Data records »
=== Begin Enclosure ===

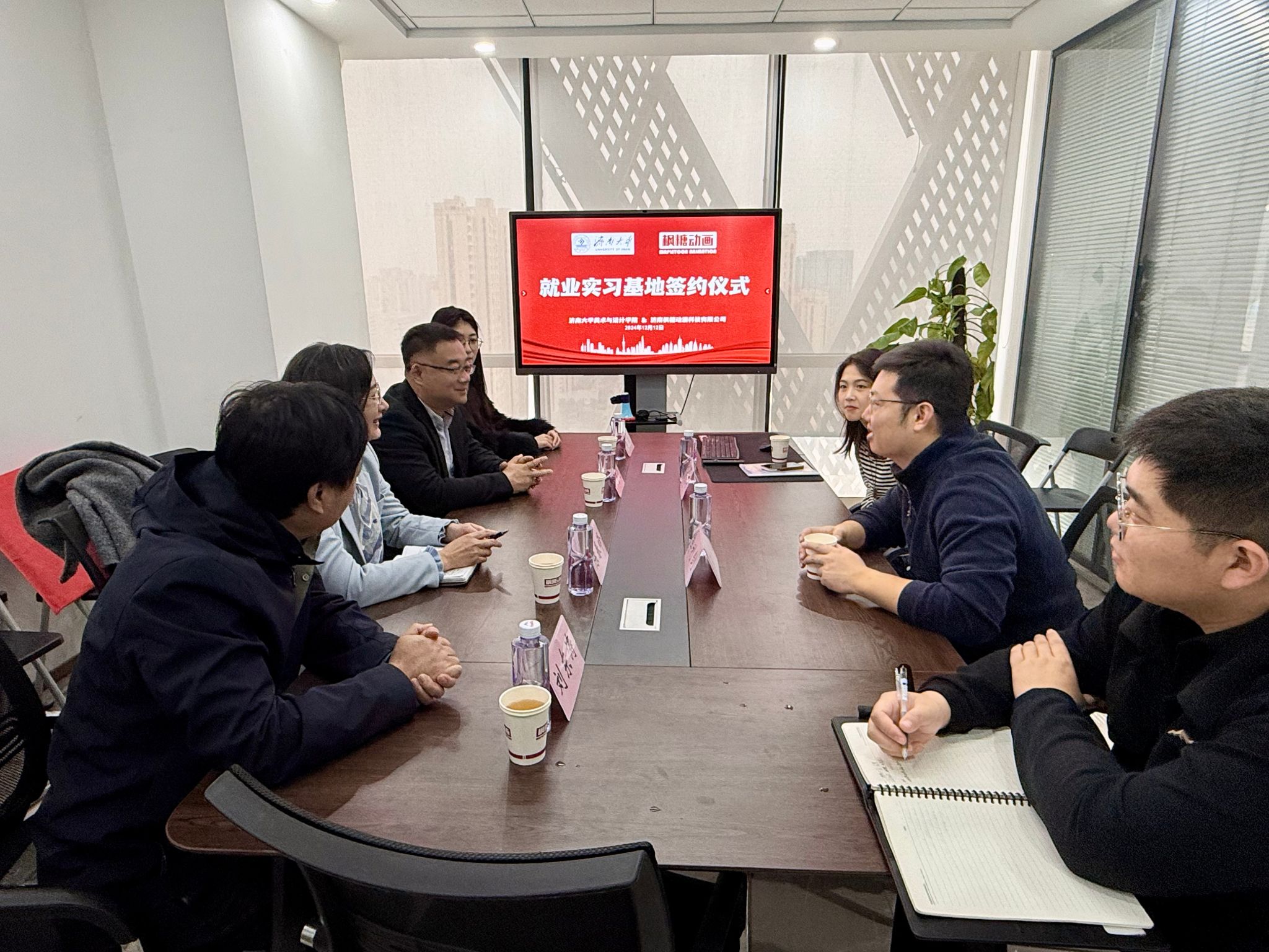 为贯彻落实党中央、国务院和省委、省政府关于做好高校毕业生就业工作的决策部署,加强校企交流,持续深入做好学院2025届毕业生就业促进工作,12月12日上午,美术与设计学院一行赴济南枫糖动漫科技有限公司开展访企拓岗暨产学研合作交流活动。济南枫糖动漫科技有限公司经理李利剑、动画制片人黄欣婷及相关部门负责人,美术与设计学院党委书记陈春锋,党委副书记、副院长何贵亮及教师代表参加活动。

=== End Enclosure ===
=== Begin Enclosure ===

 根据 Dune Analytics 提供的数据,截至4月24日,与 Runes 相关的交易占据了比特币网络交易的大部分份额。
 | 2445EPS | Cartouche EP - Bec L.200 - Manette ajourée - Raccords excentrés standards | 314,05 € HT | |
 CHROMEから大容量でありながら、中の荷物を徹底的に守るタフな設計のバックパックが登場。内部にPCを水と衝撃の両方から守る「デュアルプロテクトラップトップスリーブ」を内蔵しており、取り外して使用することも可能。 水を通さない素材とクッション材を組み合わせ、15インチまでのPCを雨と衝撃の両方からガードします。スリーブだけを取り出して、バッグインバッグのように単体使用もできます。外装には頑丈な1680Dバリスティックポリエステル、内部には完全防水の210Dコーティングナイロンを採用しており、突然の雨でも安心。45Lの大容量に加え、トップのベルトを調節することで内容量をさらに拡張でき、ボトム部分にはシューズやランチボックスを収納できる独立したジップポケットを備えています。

=== End Enclosure ===

Exercise directions »
Above this instruction are the records; retype exactly the lines from the one containing "314,05 € HT | |" up to and including the one containing "CHROMEから大容量であり".

Answer below »
 | 2445EPS | Cartouche EP - Bec L.200 - Manette ajourée - Raccords excentrés standards | 314,05 € HT | |
 CHROMEから大容量でありながら、中の荷物を徹底的に守るタフな設計のバックパックが登場。内部にPCを水と衝撃の両方から守る「デュアルプロテクトラップトップスリーブ」を内蔵しており、取り外して使用することも可能。 水を通さない素材とクッション材を組み合わせ、15インチまでのPCを雨と衝撃の両方からガードします。スリーブだけを取り出して、バッグインバッグのように単体使用もできます。外装には頑丈な1680Dバリスティックポリエステル、内部には完全防水の210Dコーティングナイロンを採用しており、突然の雨でも安心。45Lの大容量に加え、トップのベルトを調節することで内容量をさらに拡張でき、ボトム部分にはシューズやランチボックスを収納できる独立したジップポケットを備えています。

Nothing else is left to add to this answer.